Rule number 3: Each federated table on a remote server will consume one connection, even if there are several remote tables pointing to the same local table.
While the creation is inexpensive, the actual usage starts to look a bit more onerous. If you plan to federate many tables from several servers, prepare to increase your server's connections.
Developer's angle: There will be some improvements. MySQL is already planning to reduce the number of open connections.
Speaking of connections, here's a good chance to try yet another experiment. What happens to server2's tables if you stop server1?
$ ~/server1/stop.sh
server2 (test) > SELECT table_name, engine
-> FROM information_schema.tables
-> WHERE table_schema=schema();
ERROR 1430 (HY000): There was a problem processing the query on the
foreign data source. Data source error:
%The foreign data source you are trying to reference does not exist.
Data source error: : 2003 : Can't connect to MySQL server on '127.0.0.1' (111)
server2 (test) > SELECT count(*)
-> FROM information_schema.tables;
ERROR 1430 (HY000): There was a problem processing the query on the
foreign data source. Data source error:
%The foreign data source you are trying to reference does not exist.
Data source error: : 2003 : Can't connect to MySQL server on '127.0.0.1' (111)
What happened? These queries don't use the federated tables (at least, that's what you might have thought while asking this simple question about table metadata). However, something is complaining about not being able to connect.
Restart server1 and repeat the operation.
$ ~/server1/start.sh
server2 (test) > SELECT table_name, engine
-> FROM information_schema.tables
-> WHERE table_schema=schema();
+------------+-----------+
| table_name | engine |
+------------+-----------+
| test1 | FEDERATED |
| tkey_fed | FEDERATED |
| tnokey_fed | FEDERATED |
+------------+-----------+
The general log reveals that there was a request sent to the linked server. Actually, there is one request for each table:
$ tail ~/server1/data/general.log
Time Id Command Argument
060610 23:43:33 1 Connect server2usr@localhost on test
1 Query SET NAMES latin1
1 Query SHOW TABLE STATUS LIKE 'tkey'
2 Connect server2usr@localhost on test
2 Query SET NAMES latin1
2 Query SHOW TABLE STATUS LIKE 'tkey'
3 Connect server2usr@localhost on test
3 Query SET NAMES latin1
3 Query SHOW TABLE STATUS LIKE 'tnokey'
Rule number 4: Each INFORMATION_SCHEMA request related to a federated table involves a connection.

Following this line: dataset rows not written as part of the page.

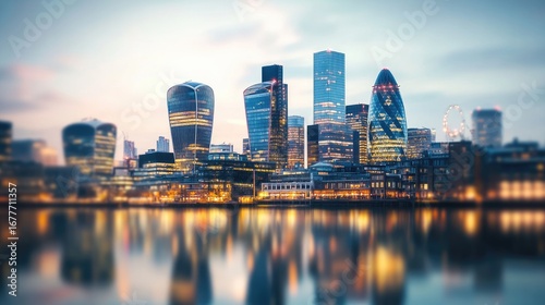 © Fana Art, Naklejka premium Vibrant London City Skyline at Twilight with Iconic Skyscrapers and Golden River Reflections, Tilt-Shift Effect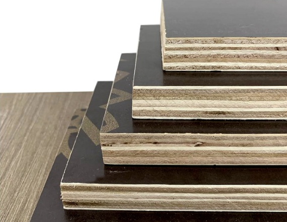 แกนไม้สนเกรด A2ติดกาวสีดำ/น้ำตาลเคลือบฟิล์ม12 ~ 21มม. ออกแบบให้มีน้อยที่สุด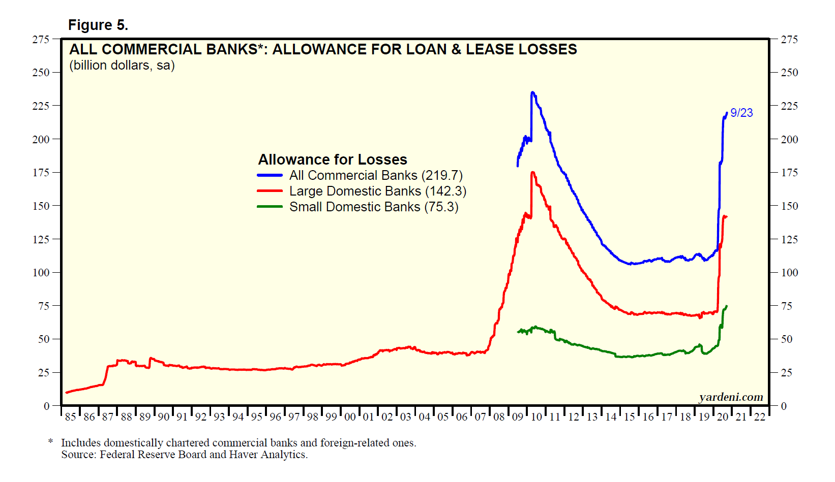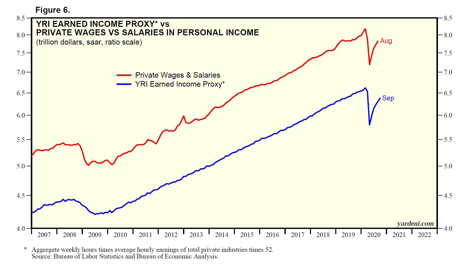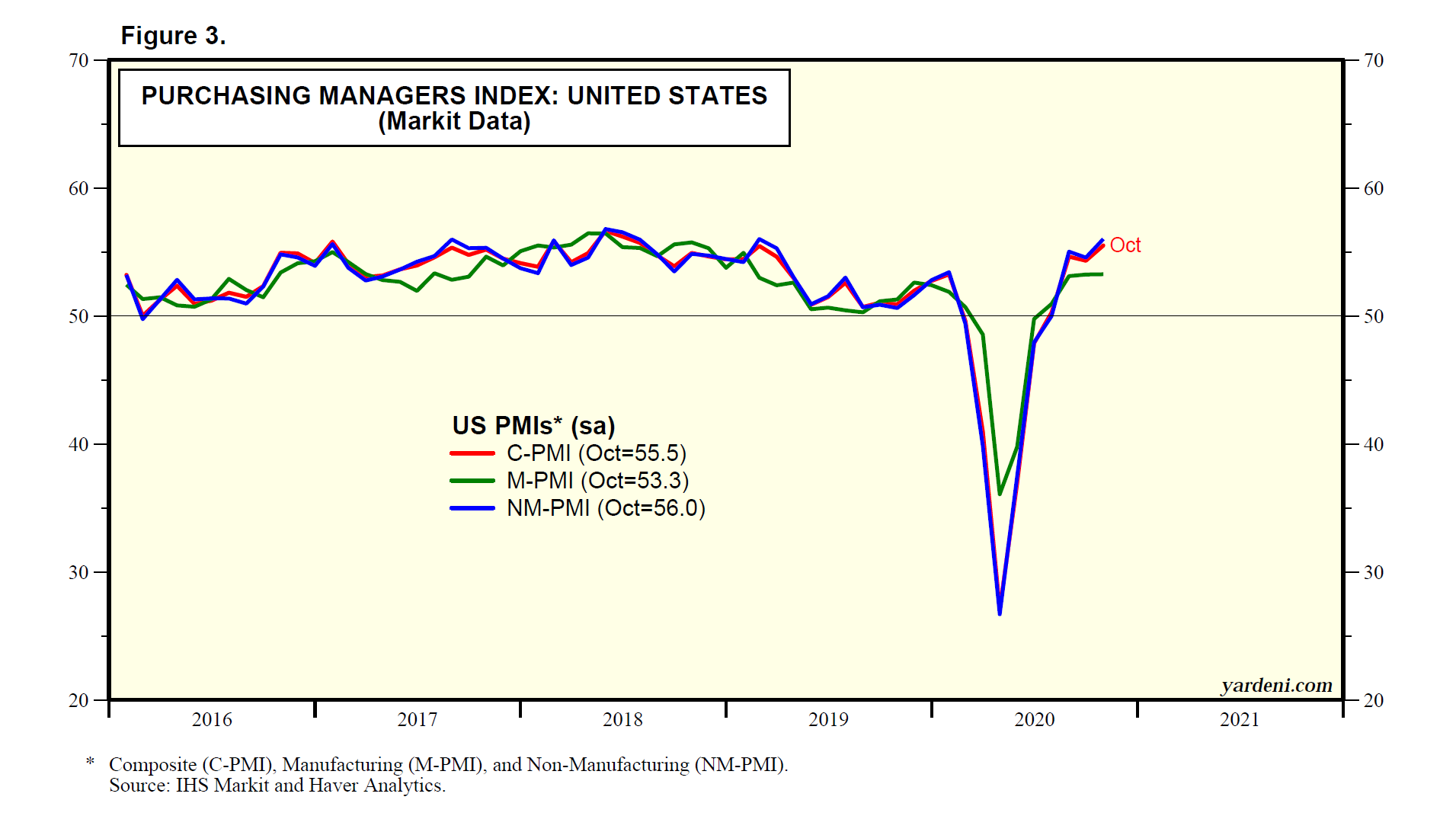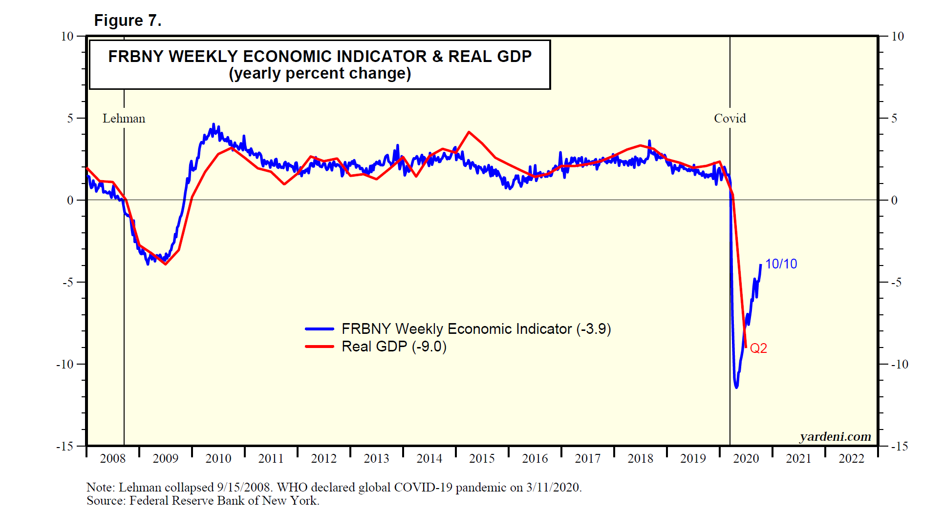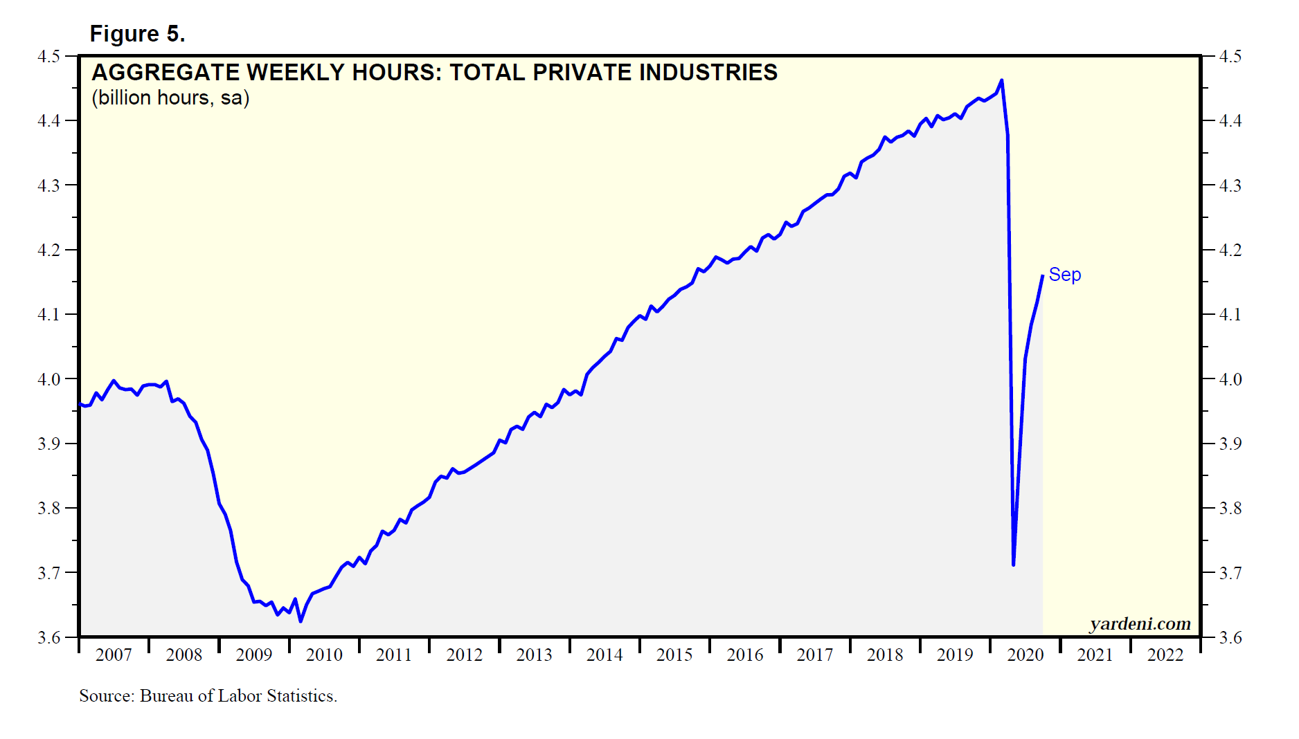 The bottom line is that during Q3 profits have recovered remarkably well from the lockdown recession during the first half of this year. On the other hand, corporate balance sheets are loaded up with more debt than ever. However, much of it has been refinanced at record-low interest rates. It’s all bullish for the economy and the stock market as long as interest rates stay low.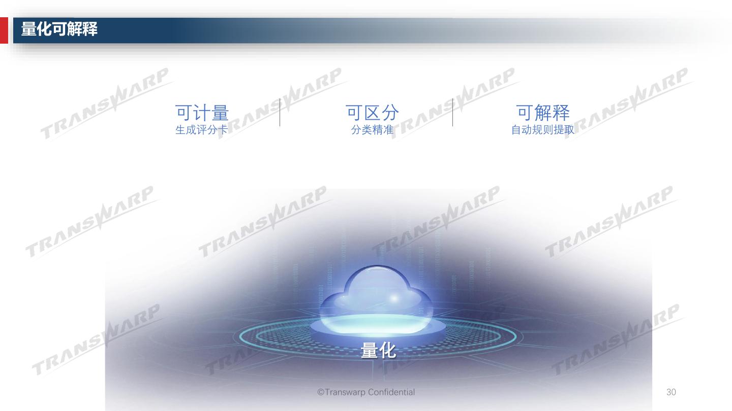 29 .事中可实时 流式计算 秒批秒贷 日审单量 最低延时<20ms 最快3s/笔 峰值可达50万笔 实时 ©Transwarp Confidential 29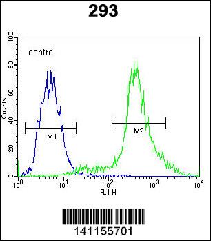 CTNNB1 Antibody (N-term) flow cytometric analysis of 293 cells (right histogram) compared to a negative control cell (left histogram).Alexa Fluor 488-conjugated donkey anti-rabbit lgG secondary antibodies were used for the analysis. |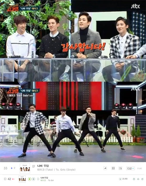 '슈가맨'에 출연해 무려 10년 만에 완전체로 모습을 드러낸 테이크는 대표곡 '나비무덤'을 비롯, 'BABY BABY'를 오랜만에 안무와 함께 라이브로 선보여 당시의 추억을 회상케 하며 감동을 안겼다.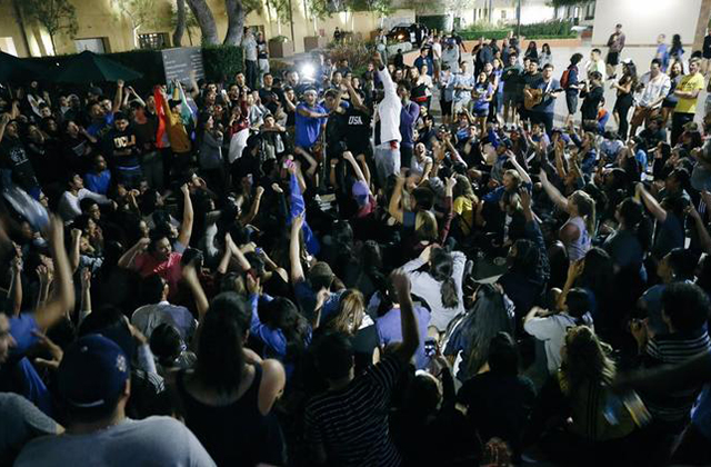 Հաղորդվում է, որ ուսանողները հավաքվել են Սանտա Բարբարայի Կալիֆոռնիայի համալսարանի մոտ՝ վանկարկելով. «Իմ նախագահը չէ»։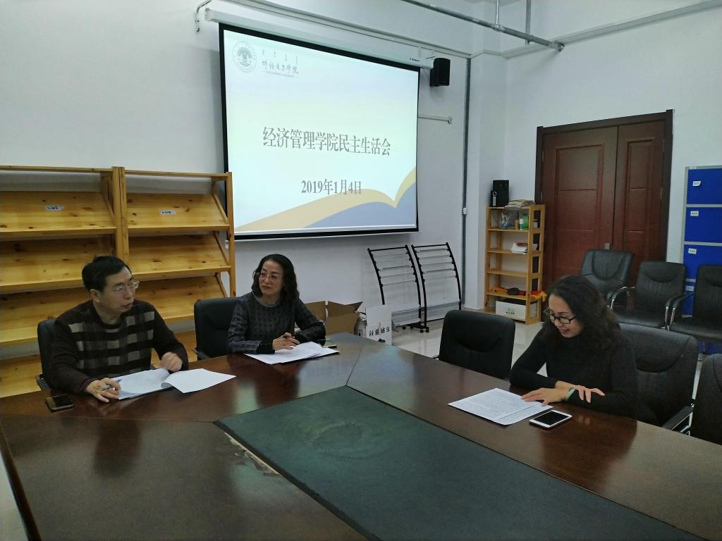 209年1月4日上午,澳门十大信誉好的网站在崇文楼308会议室召开民主生活会。民主生活会由党总支书记邱玉臣主持,院长李雪峰、副院长崔丽辉参会。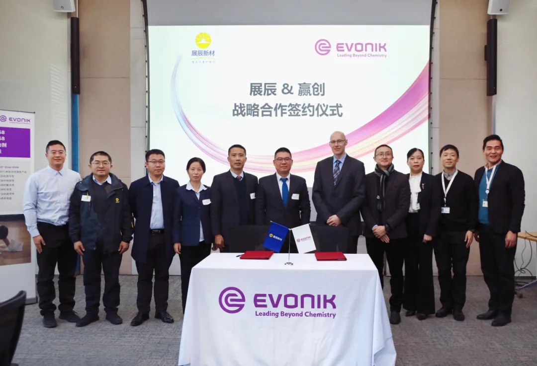 贏創(chuàng)是全球領(lǐng)先的特種化學(xué)品公司,總部位于德國,業(yè)務(wù)遍及全球100多個國家和地區(qū),以“超越化學(xué)邊界,引領(lǐng)美好未來”為企業(yè)使命,為客戶提供創(chuàng)新、高盈利性、可持續(xù)的解決方案。展辰的企業(yè)愿景是“科技改變生活,做涂料行業(yè)的引領(lǐng)者”,致力于為客戶提供全方位的環(huán)保涂裝解決方案。雙方都有為人類提供美好生活的初心,在企業(yè)文化理念層面,贏創(chuàng)與展辰不謀而合。

This rule looks like a bug, and perhaps it is. In the meantime, keep it in
mind. If you are working with federated tables, be careful with your
INFORMATION_SCHEMA requests.
Developer's angle: Unfortunately, it's a feature. It's the only way to get information about the table. For now, there's no way to avoid this problem.
Because federated tables strictly depend on active connections, it's a good idea to check whether the data is reachable before using a table. Here's a function that does just that, by attempting to query the information schema about a federated table and immediately checking whether it caught SQLSTATE 'HY000'.
CREATE FUNCTION fed_table_available(
p_table_schema varchar(50),
p_table_name varchar(50) )
RETURNS BOOLEAN
BEGIN
DECLARE connection_dead BOOLEAN DEFAULT FALSE;
DECLARE how_many int;
DECLARE curx CURSOR FOR
SELECT COUNT(*)
FROM information_schema.TABLES
WHERE
TABLE_SCHEMA = p_table_schema
AND TABLE_NAME = p_table_name;
DECLARE CONTINUE HANDLER FOR SQLSTATE 'HY000'
SET connection_dead = TRUE;
OPEN curx;
IF connection_dead THEN
RETURN FALSE;
ELSE
FETCH curx into how_many;
CLOSE curx;
RETURN (how_many > 0);
END IF;
END
Using this method, your application can exit gracefully if a federated table is not available.
$ ~/server1/stop.sh
server2 (test) > select fed_table_available(schema(), 'tkey_fed');
+--------------------------------------------+
| fed_table_available( schema(), 'tkey_fed') |
+--------------------------------------------+
| 0 |
+--------------------------------------------+
1 row in set (0.05 sec)
$ ~/server1/start.sh
server2 (test) > select fed_table_available(schema(), 'tkey_fed');
+--------------------------------------------+
| fed_table_available( schema(), 'tkey_fed') |
+--------------------------------------------+
| 1 |
+--------------------------------------------+
1 row in set (0.05 sec)
|
Now that you know something more about the table connections, you can consider the interesting things, such as how the system performs when you actually use the data, which is the purpose of the whole exercise.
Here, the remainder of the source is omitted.